*WHAT IS EXPECTED*: Below, some lines carry pictures; leave those pictures out and retype exactly the lines from the one with "ヘコむあだ名 | 『きょふぇ~』『きょううん(笑)』 |" through the one with "ORDINANZA SINDACALE N.39".

*EXTRACTED DATA*:
---+---

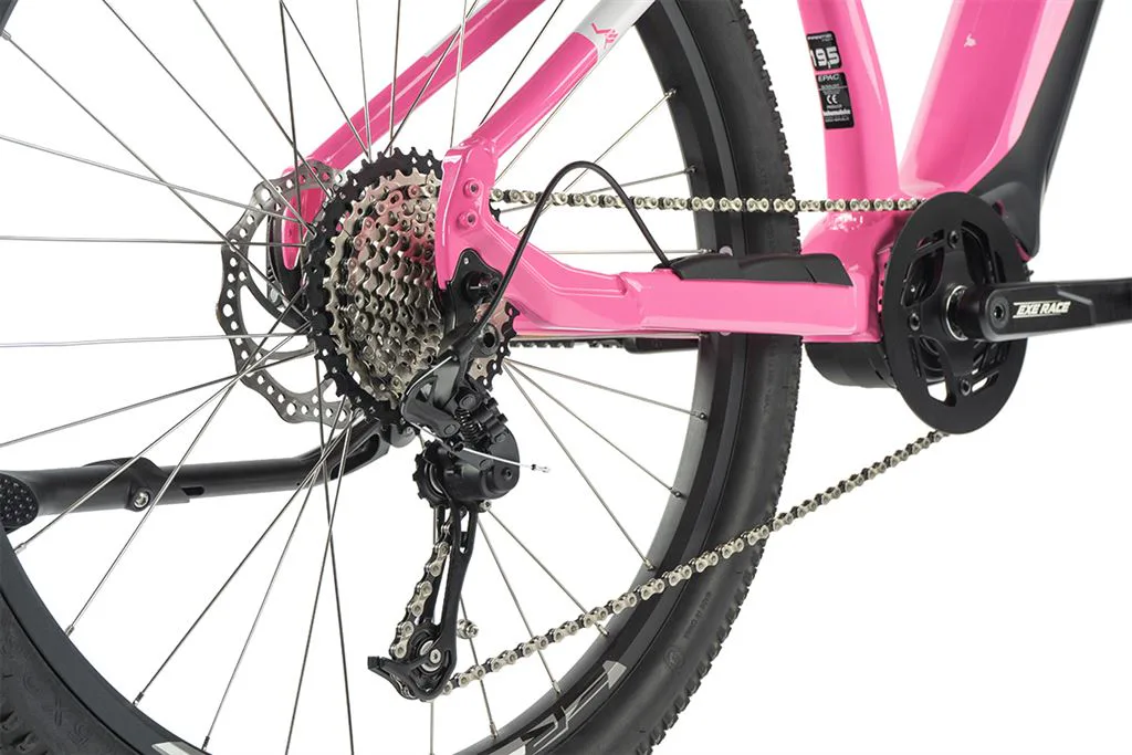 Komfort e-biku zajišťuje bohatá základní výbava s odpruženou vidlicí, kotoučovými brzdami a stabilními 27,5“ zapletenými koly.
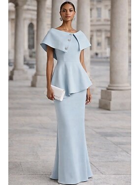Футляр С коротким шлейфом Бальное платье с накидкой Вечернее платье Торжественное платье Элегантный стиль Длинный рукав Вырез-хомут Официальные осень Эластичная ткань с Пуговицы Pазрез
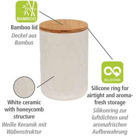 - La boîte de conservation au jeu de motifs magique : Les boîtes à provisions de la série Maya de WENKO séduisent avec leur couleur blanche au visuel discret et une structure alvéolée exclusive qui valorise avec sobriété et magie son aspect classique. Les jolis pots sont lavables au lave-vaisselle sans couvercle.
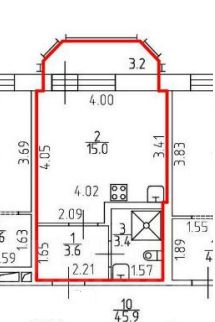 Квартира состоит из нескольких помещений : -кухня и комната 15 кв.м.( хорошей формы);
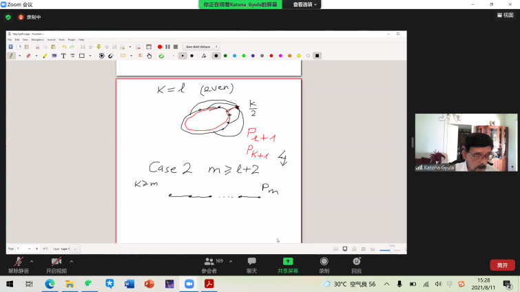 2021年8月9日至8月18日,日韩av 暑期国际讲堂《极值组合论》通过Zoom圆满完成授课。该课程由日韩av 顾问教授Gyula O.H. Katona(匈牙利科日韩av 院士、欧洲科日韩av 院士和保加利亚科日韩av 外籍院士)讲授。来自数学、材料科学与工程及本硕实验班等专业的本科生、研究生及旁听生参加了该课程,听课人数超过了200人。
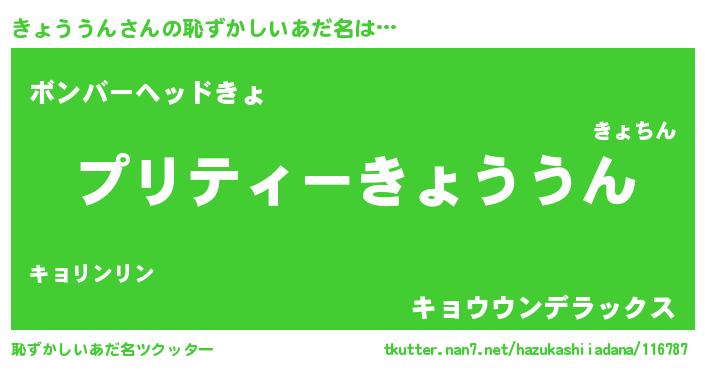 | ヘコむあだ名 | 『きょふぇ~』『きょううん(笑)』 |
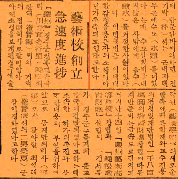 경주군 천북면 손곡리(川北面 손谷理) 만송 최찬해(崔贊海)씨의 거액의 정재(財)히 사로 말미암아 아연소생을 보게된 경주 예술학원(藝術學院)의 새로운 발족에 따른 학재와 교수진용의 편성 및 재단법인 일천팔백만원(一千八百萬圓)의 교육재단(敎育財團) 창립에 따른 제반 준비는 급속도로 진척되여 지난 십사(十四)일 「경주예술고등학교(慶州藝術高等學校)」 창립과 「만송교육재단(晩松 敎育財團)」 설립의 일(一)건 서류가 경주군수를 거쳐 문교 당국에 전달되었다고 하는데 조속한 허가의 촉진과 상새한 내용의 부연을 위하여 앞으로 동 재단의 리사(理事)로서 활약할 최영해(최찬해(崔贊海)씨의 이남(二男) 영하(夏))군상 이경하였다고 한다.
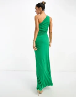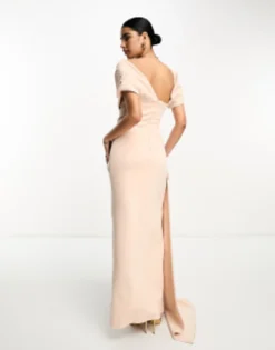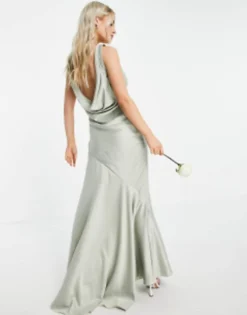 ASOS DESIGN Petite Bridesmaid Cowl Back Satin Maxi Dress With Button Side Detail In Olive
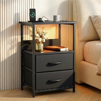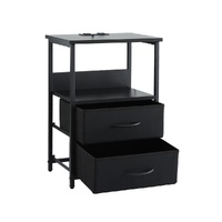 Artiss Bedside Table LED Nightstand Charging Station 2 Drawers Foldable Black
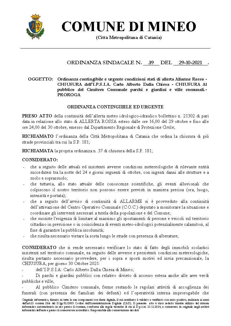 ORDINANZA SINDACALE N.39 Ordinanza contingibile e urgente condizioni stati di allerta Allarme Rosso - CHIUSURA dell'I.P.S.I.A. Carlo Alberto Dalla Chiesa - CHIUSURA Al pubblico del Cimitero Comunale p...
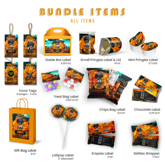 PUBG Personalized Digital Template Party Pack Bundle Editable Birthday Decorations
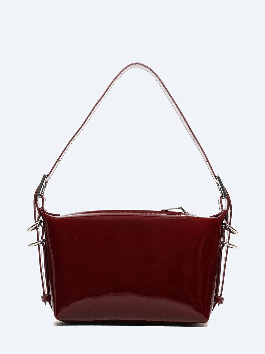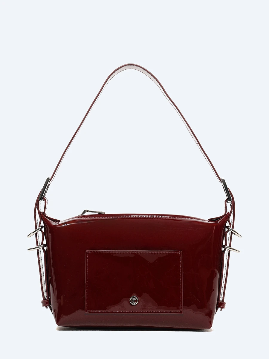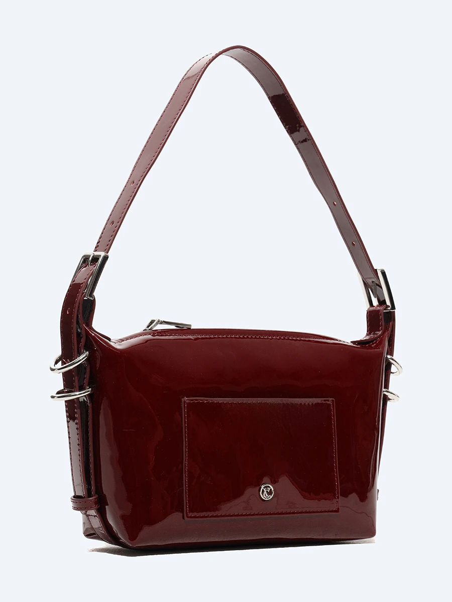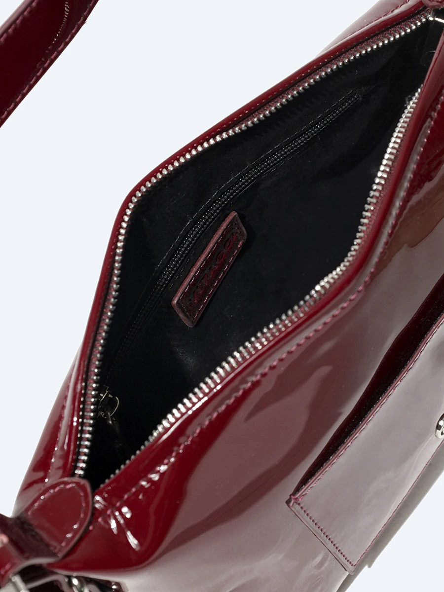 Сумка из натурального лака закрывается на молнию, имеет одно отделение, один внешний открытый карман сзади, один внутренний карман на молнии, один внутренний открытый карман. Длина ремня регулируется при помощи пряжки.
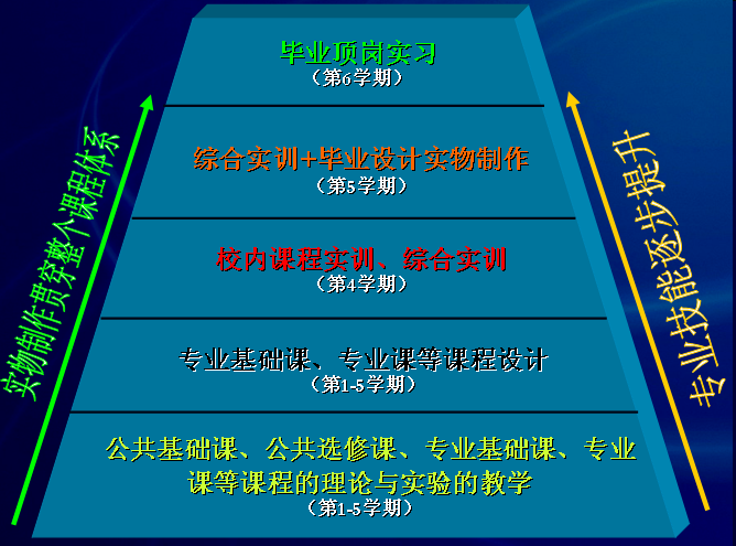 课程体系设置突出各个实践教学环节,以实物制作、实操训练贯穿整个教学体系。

---+---

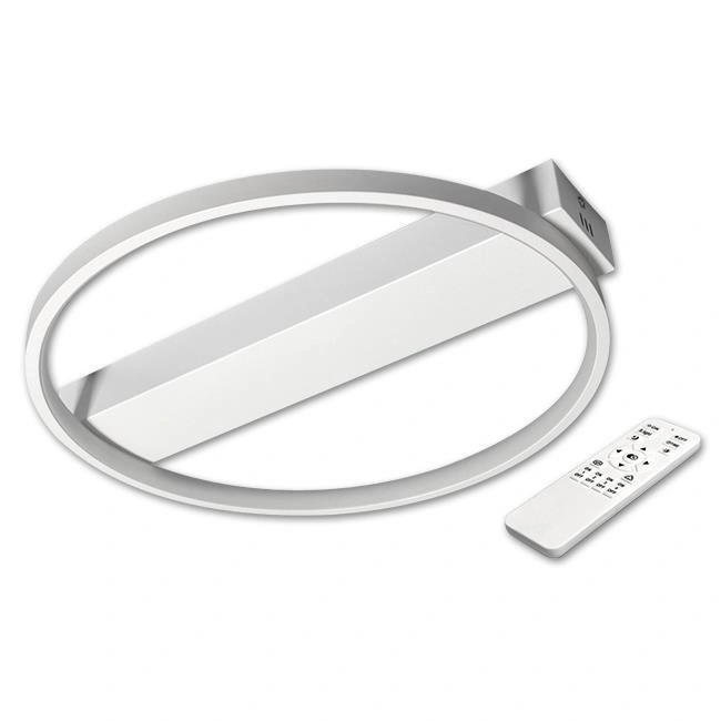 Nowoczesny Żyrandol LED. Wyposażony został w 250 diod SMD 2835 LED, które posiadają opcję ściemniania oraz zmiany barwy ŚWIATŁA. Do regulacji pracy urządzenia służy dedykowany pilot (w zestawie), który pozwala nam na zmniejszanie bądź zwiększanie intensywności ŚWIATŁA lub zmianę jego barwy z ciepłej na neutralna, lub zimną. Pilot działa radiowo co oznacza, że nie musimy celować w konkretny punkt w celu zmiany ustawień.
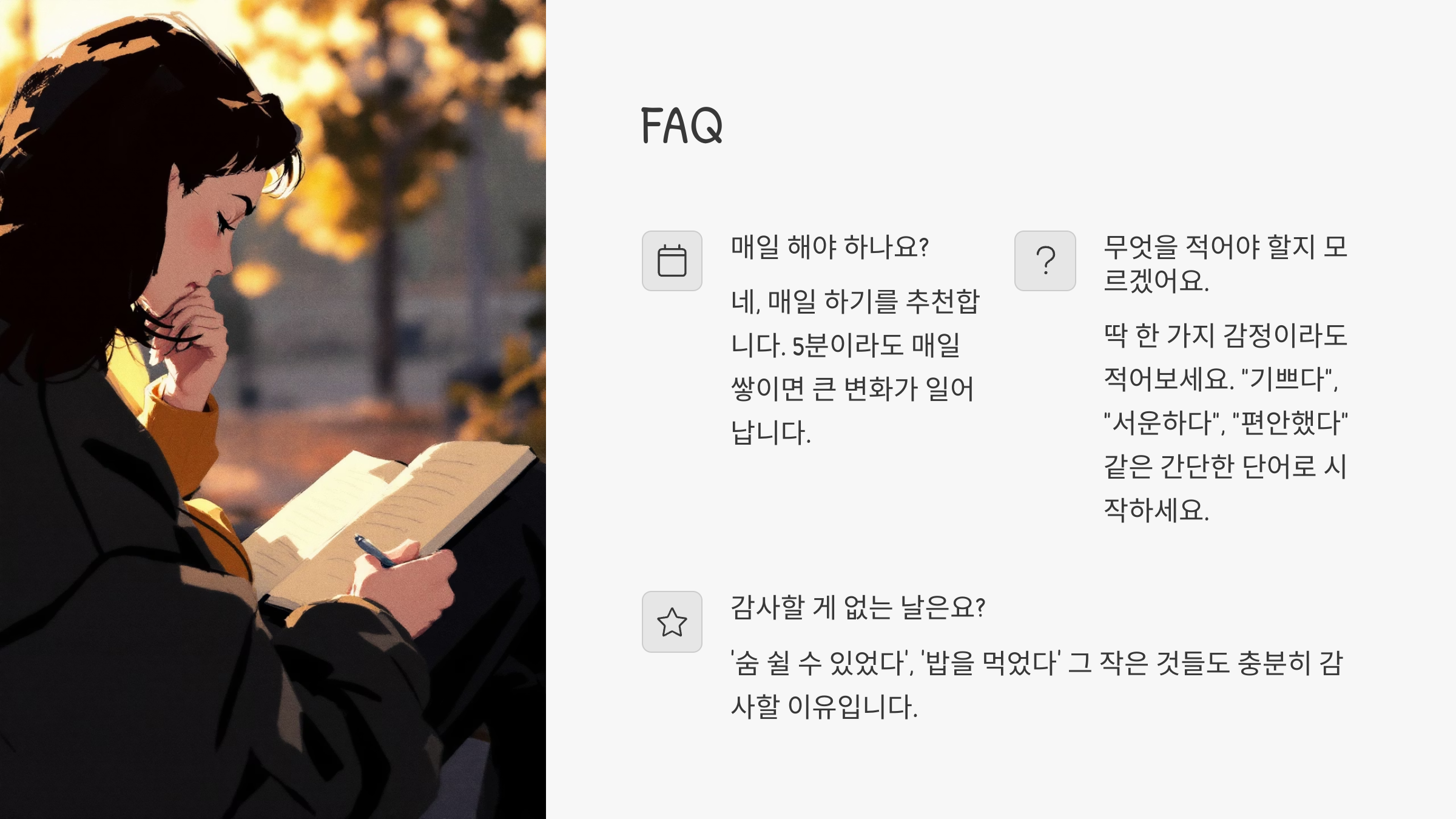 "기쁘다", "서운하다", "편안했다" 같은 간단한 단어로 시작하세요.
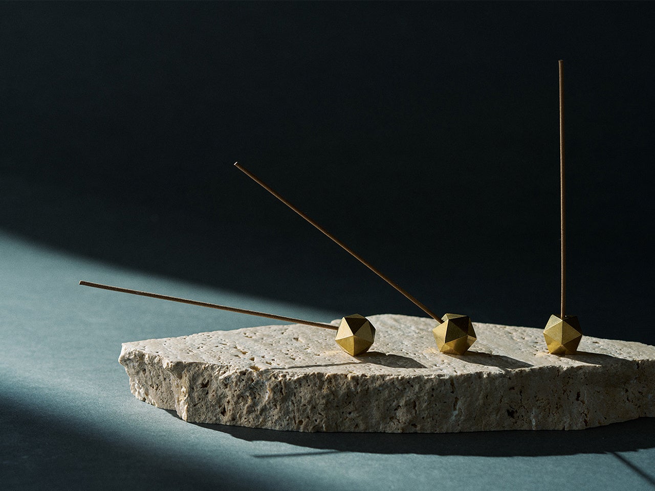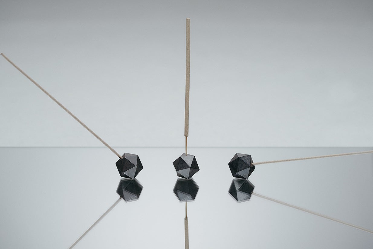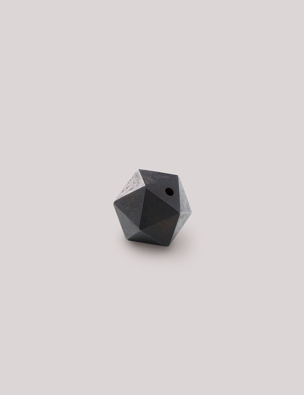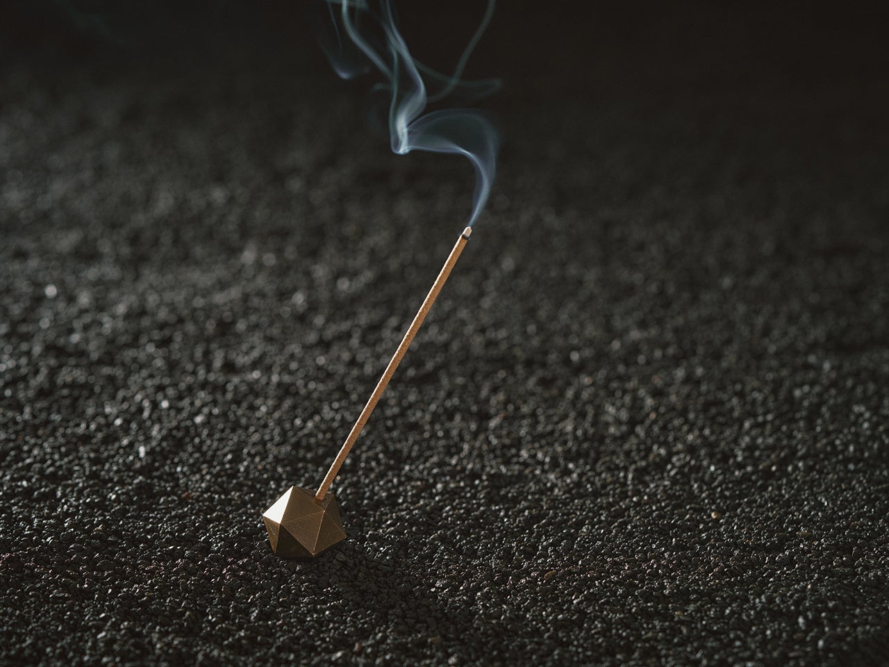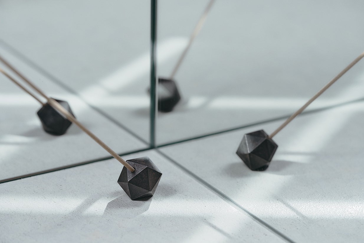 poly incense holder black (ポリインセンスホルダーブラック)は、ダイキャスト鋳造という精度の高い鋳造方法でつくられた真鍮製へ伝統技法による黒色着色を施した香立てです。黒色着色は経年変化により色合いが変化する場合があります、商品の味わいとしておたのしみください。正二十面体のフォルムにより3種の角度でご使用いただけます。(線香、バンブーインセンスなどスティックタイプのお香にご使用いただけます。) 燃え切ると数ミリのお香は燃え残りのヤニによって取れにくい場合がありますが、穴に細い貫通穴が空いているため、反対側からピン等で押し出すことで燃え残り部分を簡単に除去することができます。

---+---

*EXERCISE ANSWER*:
 | ヘコむあだ名 | 『きょふぇ~』『きょううん(笑)』 |
 경주군 천북면 손곡리(川北面 손谷理) 만송 최찬해(崔贊海)씨의 거액의 정재(財)히 사로 말미암아 아연소생을 보게된 경주 예술학원(藝術學院)의 새로운 발족에 따른 학재와 교수진용의 편성 및 재단법인 일천팔백만원(一千八百萬圓)의 교육재단(敎育財團) 창립에 따른 제반 준비는 급속도로 진척되여 지난 십사(十四)일 「경주예술고등학교(慶州藝術高等學校)」 창립과 「만송교육재단(晩松 敎育財團)」 설립의 일(一)건 서류가 경주군수를 거쳐 문교 당국에 전달되었다고 하는데 조속한 허가의 촉진과 상새한 내용의 부연을 위하여 앞으로 동 재단의 리사(理事)로서 활약할 최영해(최찬해(崔贊海)씨의 이남(二男) 영하(夏))군상 이경하였다고 한다.
 ASOS DESIGN Petite Bridesmaid Cowl Back Satin Maxi Dress With Button Side Detail In Olive
 Artiss Bedside Table LED Nightstand Charging Station 2 Drawers Foldable Black
 ORDINANZA SINDACALE N.39 Ordinanza contingibile e urgente condizioni stati di allerta Allarme Rosso - CHIUSURA dell'I.P.S.I.A. Carlo Alberto Dalla Chiesa - CHIUSURA Al pubblico del Cimitero Comunale p...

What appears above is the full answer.